ABSTRACT

This chapter is intended to provide some practical uses-cases of CNNs in robotics using only visual data. The chapter begins with a brief introduction of CNNs and its advantages over the conventional ANNs followed by a detailed description of each of the submodules present in a standard CNN architecture for better understanding of the subsequent applications. While describing each and every module of the CNN architecture, we make sure that some small example codes written in python are provided in this chapter, which can help the reader for practical implementation of a CNN network. Later, in this chapter, we demonstrate two different applications of CNNs towards warehouse automation.
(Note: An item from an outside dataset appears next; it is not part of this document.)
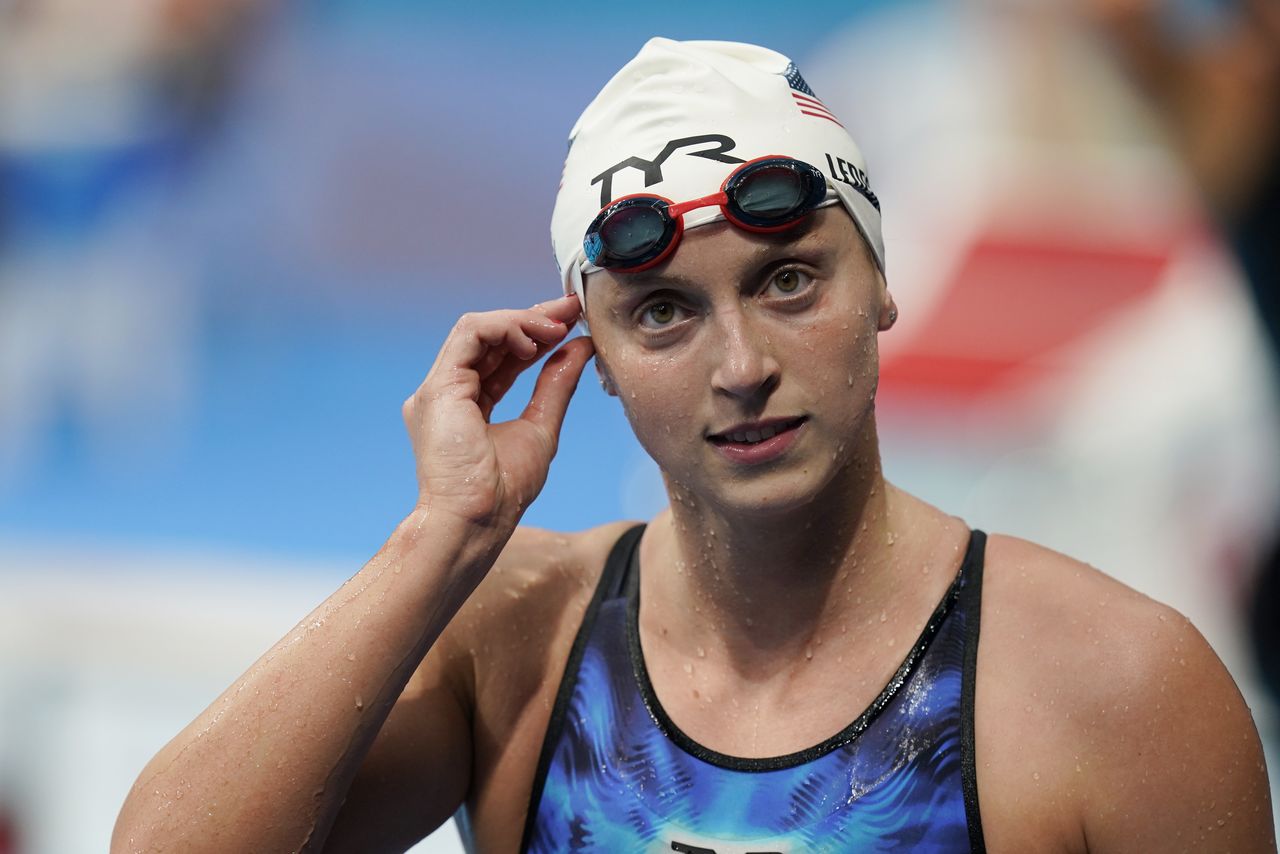 Jul 28, 2021; Tokyo, Japan; Katie Ledecky (USA) after the women's 800m freestyle heats during the Tokyo 2020 Olympic Summer Games at Tokyo Aquatics Centre. Mandatory Credit: Grace Hollars-USA TODAY Sports

Automation of warehouses demand accurate localization and segmentation of an object of interest which is further to be picked and placed by a robotic arm from/in a given location. These applications are involved with various visual challenges which make a conventional vision based technique almost impossible to segment and localize an object of interest. We thus, demonstrate here two such CNN based techniques for accurate localization and segmentation of object present in a cluttered and partially occluded environment. The first application mainly deals with detection of a rectangular bounding box for an object of interest, whereas, the second application is to precisely localize the object boundary for more accurate pick and place of an object. Training a CNN network for multi-class object detection and semantic segmentation demands a large amount of annotated data which is very tedious to obtain manually. To this end, we develop two different automatic annotation techniques and demonstrate their results for different degree of clutters with varying background and lighting conditions.